• SOURCE DATA:
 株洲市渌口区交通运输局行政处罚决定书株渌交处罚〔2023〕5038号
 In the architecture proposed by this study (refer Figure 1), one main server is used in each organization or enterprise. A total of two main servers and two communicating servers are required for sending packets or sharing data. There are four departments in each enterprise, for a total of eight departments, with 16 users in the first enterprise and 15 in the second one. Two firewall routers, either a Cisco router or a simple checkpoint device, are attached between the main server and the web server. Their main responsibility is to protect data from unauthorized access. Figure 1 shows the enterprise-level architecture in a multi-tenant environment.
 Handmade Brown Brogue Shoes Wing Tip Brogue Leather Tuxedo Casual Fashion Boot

* * *

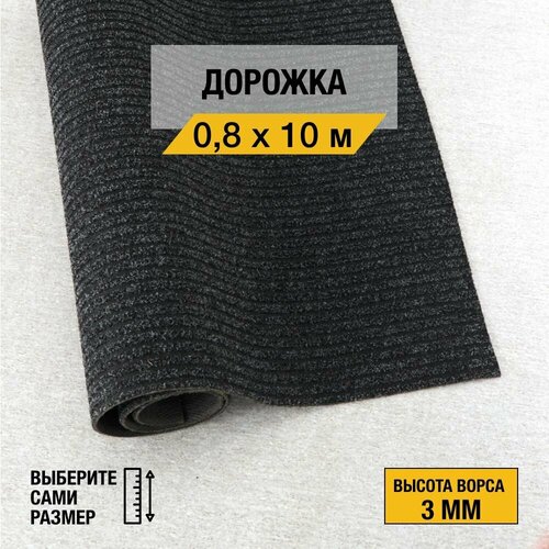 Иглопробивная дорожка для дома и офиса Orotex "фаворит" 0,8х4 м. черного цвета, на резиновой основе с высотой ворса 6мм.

---

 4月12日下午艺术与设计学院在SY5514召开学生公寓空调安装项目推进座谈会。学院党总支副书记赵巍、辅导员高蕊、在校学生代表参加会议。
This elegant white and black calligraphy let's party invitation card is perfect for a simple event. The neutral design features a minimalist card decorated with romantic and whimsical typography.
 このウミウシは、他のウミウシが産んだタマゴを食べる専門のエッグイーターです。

• WHAT YOU NEED TO DO:
Please go through the data and copy each line containing the word "with".

• WRITTEN ANSWER:
 In the architecture proposed by this study (refer Figure 1), one main server is used in each organization or enterprise. A total of two main servers and two communicating servers are required for sending packets or sharing data. There are four departments in each enterprise, for a total of eight departments, with 16 users in the first enterprise and 15 in the second one. Two firewall routers, either a Cisco router or a simple checkpoint device, are attached between the main server and the web server. Their main responsibility is to protect data from unauthorized access. Figure 1 shows the enterprise-level architecture in a multi-tenant environment.
This elegant white and black calligraphy let's party invitation card is perfect for a simple event. The neutral design features a minimalist card decorated with romantic and whimsical typography.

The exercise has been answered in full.